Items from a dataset
******

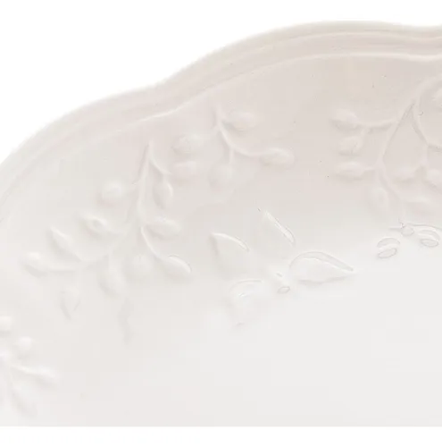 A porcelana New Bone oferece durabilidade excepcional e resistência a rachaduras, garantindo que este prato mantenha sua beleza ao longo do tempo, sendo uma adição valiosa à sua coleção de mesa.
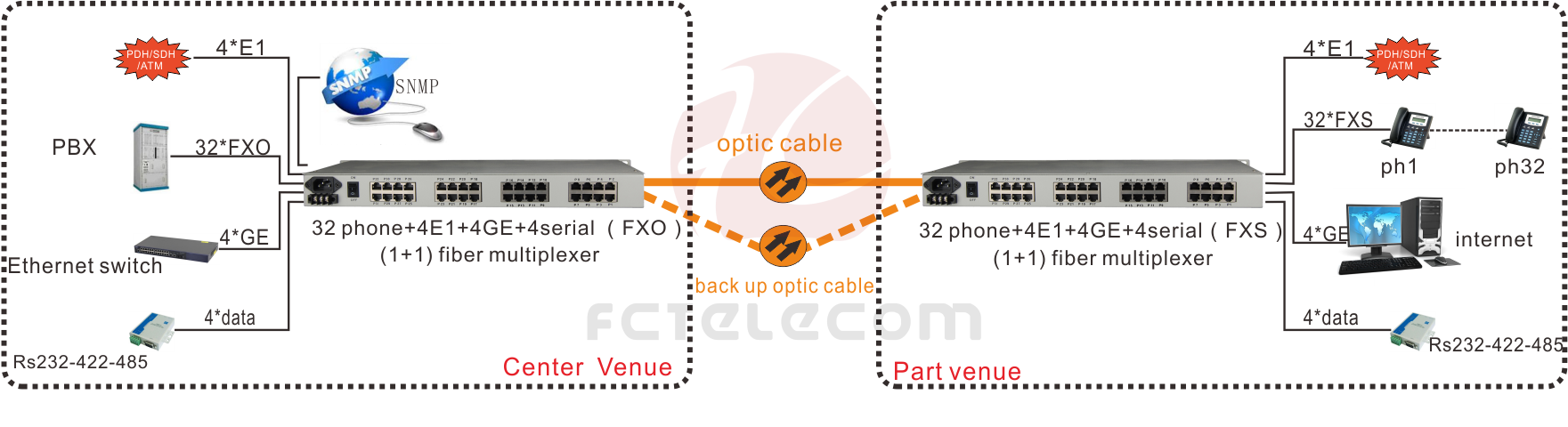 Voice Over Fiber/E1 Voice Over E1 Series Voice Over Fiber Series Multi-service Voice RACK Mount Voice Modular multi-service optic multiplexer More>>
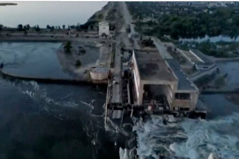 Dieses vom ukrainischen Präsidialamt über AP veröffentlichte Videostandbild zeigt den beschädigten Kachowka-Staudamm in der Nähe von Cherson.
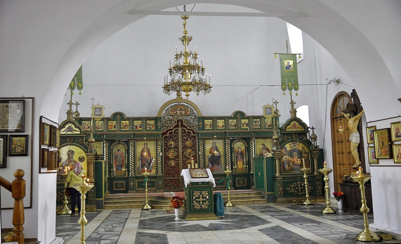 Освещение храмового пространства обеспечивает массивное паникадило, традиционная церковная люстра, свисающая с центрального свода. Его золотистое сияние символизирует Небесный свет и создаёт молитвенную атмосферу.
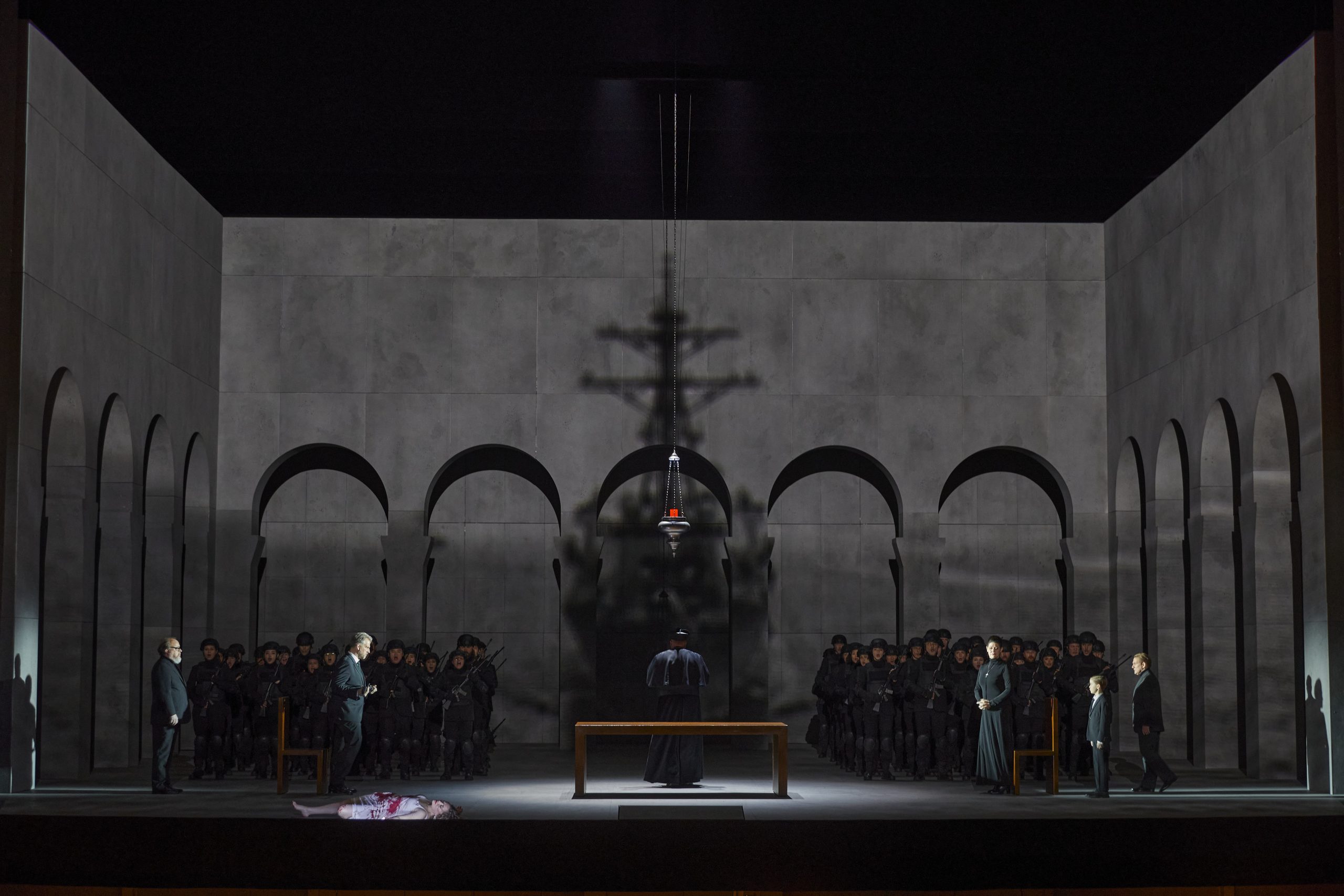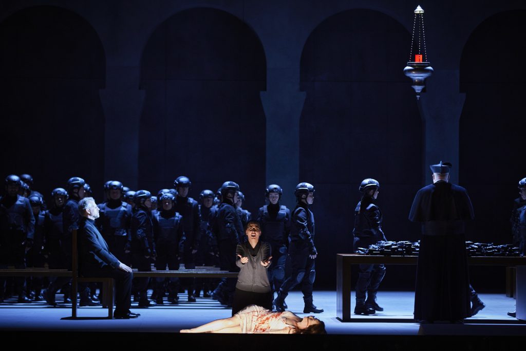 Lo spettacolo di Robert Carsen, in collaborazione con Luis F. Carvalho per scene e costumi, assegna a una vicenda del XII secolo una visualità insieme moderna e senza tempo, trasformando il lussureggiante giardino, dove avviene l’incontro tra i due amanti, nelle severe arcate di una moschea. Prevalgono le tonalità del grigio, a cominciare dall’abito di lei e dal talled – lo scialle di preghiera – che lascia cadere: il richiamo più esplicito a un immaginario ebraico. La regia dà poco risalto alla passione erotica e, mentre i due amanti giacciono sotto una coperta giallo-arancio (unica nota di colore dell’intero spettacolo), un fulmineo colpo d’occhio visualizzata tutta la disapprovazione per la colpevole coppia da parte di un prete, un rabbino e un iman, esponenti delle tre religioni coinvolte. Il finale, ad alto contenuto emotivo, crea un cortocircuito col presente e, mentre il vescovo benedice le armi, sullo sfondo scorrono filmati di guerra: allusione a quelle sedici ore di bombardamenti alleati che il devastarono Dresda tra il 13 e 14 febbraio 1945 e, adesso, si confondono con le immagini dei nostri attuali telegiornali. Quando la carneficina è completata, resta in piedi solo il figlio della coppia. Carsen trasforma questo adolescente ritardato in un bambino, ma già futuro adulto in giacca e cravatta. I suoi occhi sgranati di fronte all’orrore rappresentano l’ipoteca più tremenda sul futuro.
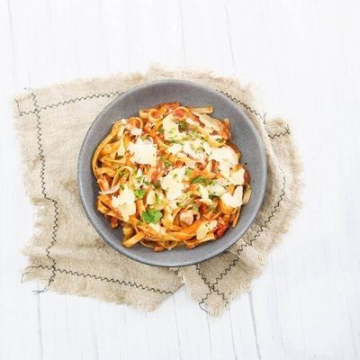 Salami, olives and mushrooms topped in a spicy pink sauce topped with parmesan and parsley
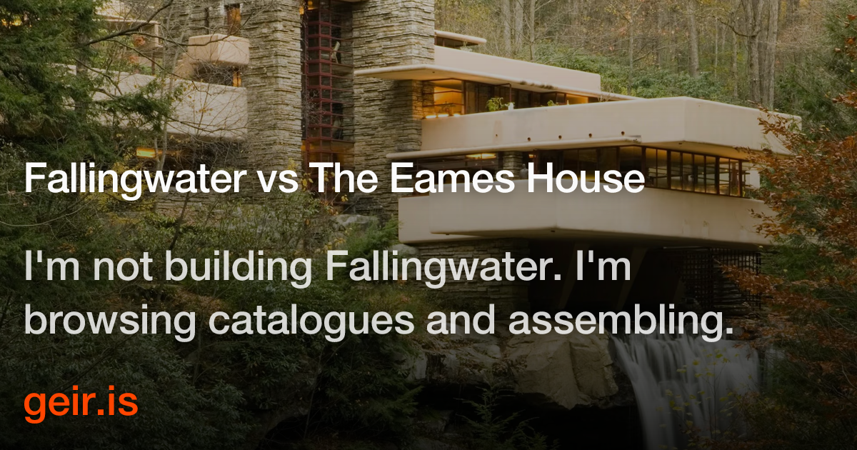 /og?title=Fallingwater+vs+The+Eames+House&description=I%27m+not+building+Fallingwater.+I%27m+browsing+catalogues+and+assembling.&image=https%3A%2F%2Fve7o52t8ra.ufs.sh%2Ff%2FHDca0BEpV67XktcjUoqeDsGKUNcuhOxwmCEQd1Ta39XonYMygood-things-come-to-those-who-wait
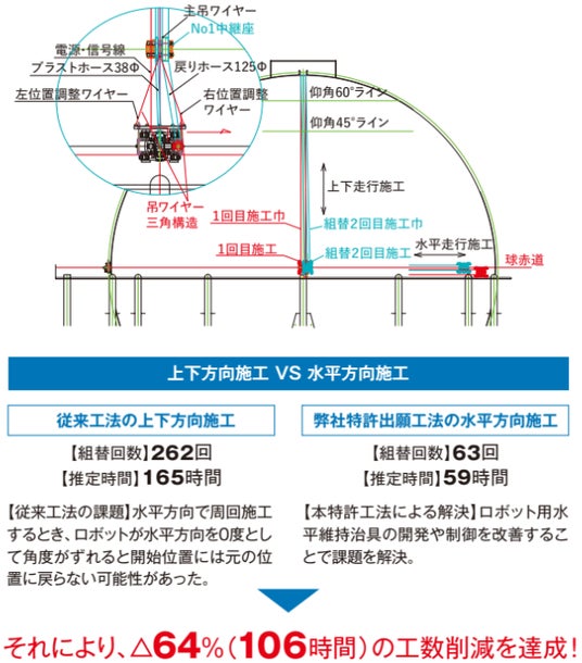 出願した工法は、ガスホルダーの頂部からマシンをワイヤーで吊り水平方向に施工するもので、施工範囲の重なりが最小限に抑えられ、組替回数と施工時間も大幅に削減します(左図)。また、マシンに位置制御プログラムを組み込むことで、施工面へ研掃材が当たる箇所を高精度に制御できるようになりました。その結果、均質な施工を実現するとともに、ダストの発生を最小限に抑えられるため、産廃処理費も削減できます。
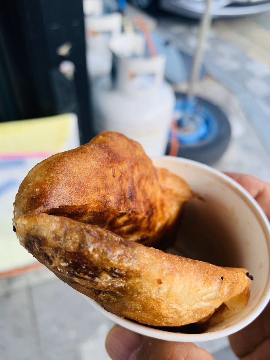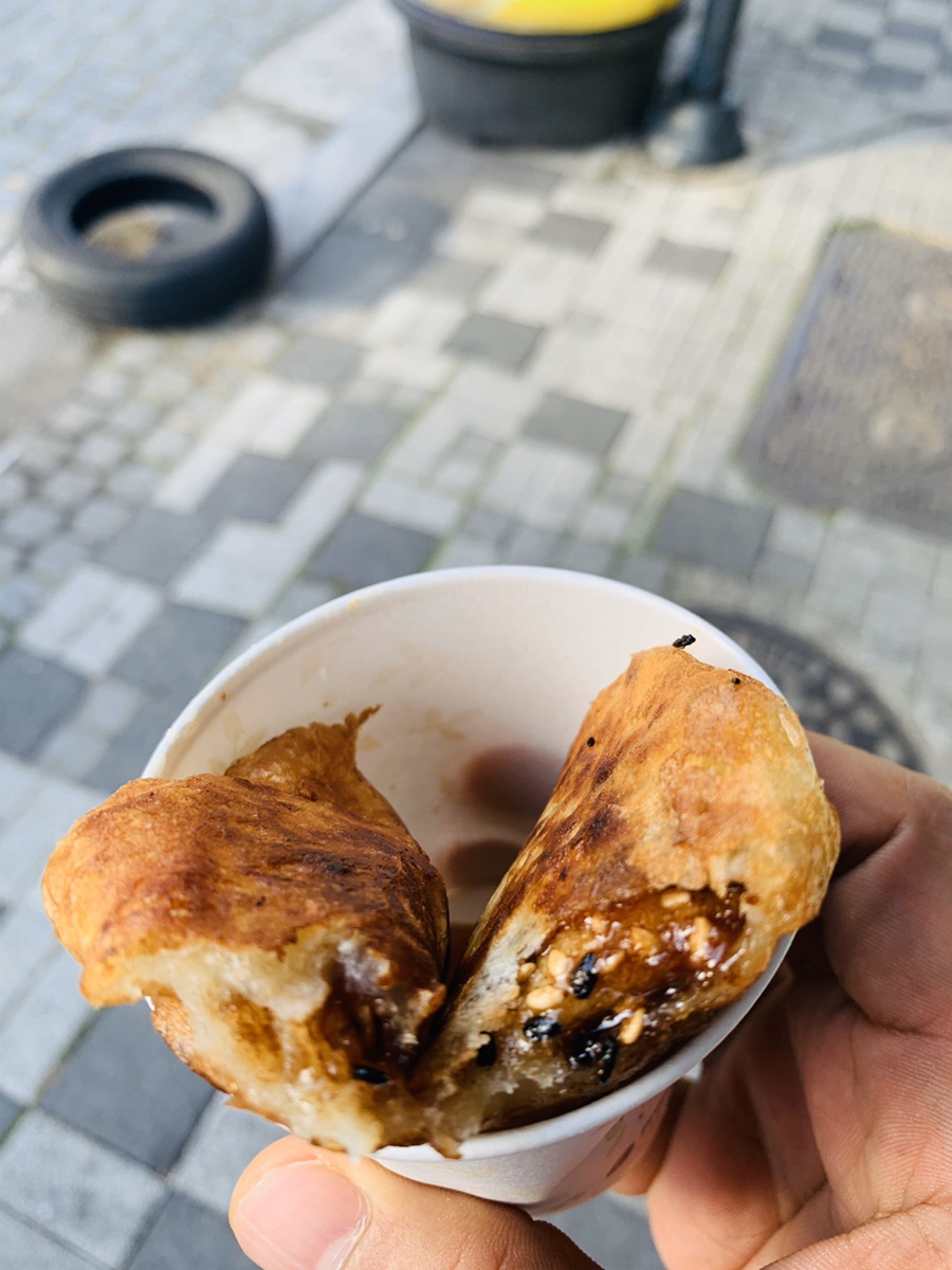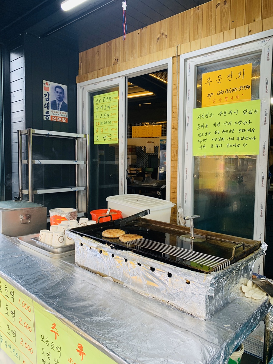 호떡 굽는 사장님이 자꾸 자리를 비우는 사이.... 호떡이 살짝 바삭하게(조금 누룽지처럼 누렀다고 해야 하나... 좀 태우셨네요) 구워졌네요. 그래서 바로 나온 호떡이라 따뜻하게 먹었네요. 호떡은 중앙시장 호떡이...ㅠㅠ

******

> TRY IT: Repeat the lines above, starting at the first and stopping after the line that holds "Освещение храмового пространства", with the pictures left out.

> ANSWER:
 A porcelana New Bone oferece durabilidade excepcional e resistência a rachaduras, garantindo que este prato mantenha sua beleza ao longo do tempo, sendo uma adição valiosa à sua coleção de mesa.
 Voice Over Fiber/E1 Voice Over E1 Series Voice Over Fiber Series Multi-service Voice RACK Mount Voice Modular multi-service optic multiplexer More>>
 Dieses vom ukrainischen Präsidialamt über AP veröffentlichte Videostandbild zeigt den beschädigten Kachowka-Staudamm in der Nähe von Cherson.
 Освещение храмового пространства обеспечивает массивное паникадило, традиционная церковная люстра, свисающая с центрального свода. Его золотистое сияние символизирует Небесный свет и создаёт молитвенную атмосферу.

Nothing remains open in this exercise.